Julie Lynn Holmes

Personal information
- Born: March 23, 1951 (age 75) North Hollywood, California, U.S.
- Height: 5 ft 4 in (1.63 m)

Figure skating career
- Country: United States
- Retired: 1972

Medal record
Ladies' figure skating
Representing the United States
World Championships
| Silver medal – second place | 1971 Lyon | Ladies' singles |
| Bronze medal – third place | 1970 Ljubljana | Ladies' singles |

= Julie Lynn Holmes =

American figure skater

Julie Lynn Holmes (born March 23, 1951, in North Hollywood, California) is an American former figure skater. She won one silver medal and one bronze medal at the World Figure Skating Championships and competed in the 1972 Winter Olympics.

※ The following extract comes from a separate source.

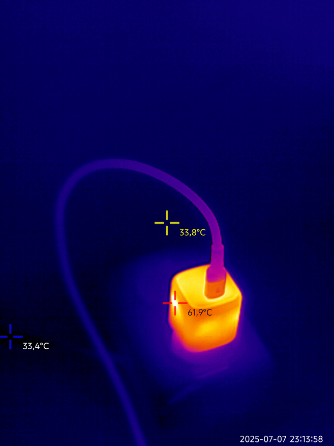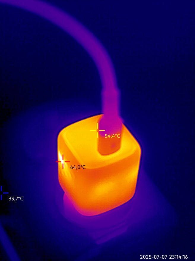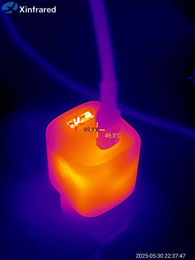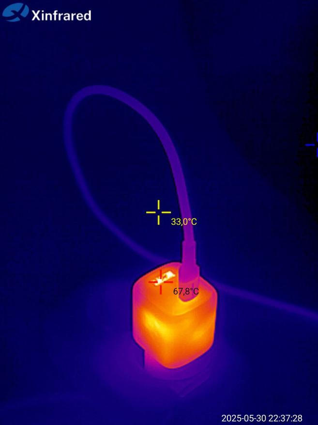 Хотя 20 Вт — невысокая мощность по современным меркам, компактный корпус означает плотную компоновку компонентов, что может вызывать нагрев. Поэтому нагружаем зарядные устройства по максимуму и смотрим на них глазами тепловизора: максимальная температура Revo 20 Duo достигает почти 70°C при окружающей температуре около 26°C (в комнате). Эта температура достаточно высокая и обусловлена компактными размерами и наличием сразу нескольких разъемов для подключения устройств. Температура Revo 20 немного ниже — 64°C, что так же обусловлено компактными размерами и высокой мощностью.

She was coached initially by Nancy Rush and then by Carlo Fassi. She skated generally in the shadows of fellow American Janet Lynn, although Holmes had considerably better luck on the world stage than at her own country's championships. She was known for her skill at performing compulsory figures. She generally was beaten by both Karen Magnussen and Janet Lynn in free skating portions, but placed over both in compulsory figure portions, which sometimes allowed her to defeat them. She generally beat Trixi Schuba handily in free skating portions but was behind in compulsory figure portions, and always too far behind to be able to defeat Trixi despite her weaker free skating. Gabriele Seyfert regularly placed above her in both compulsory figure and free skating portions while still competing up until 1970. Despite never defeating Lynn at the U.S. Championships, and thus never winning a U.S. National title, she beat her and Karen Magnussen to win bronze at the 1970 World Championships and silver in 1971. At the 1972 Winter Olympics, she was well positioned to win silver due to a strong lead (apart from Schuba who she trailed by a near insurmountable margin) after figures, but a rare disastrous long program where she placed only 8th and fell a couple times dropped her to 4th behind Trixi Schuba, Karen Magnussen, and Janet Lynn, off the podium.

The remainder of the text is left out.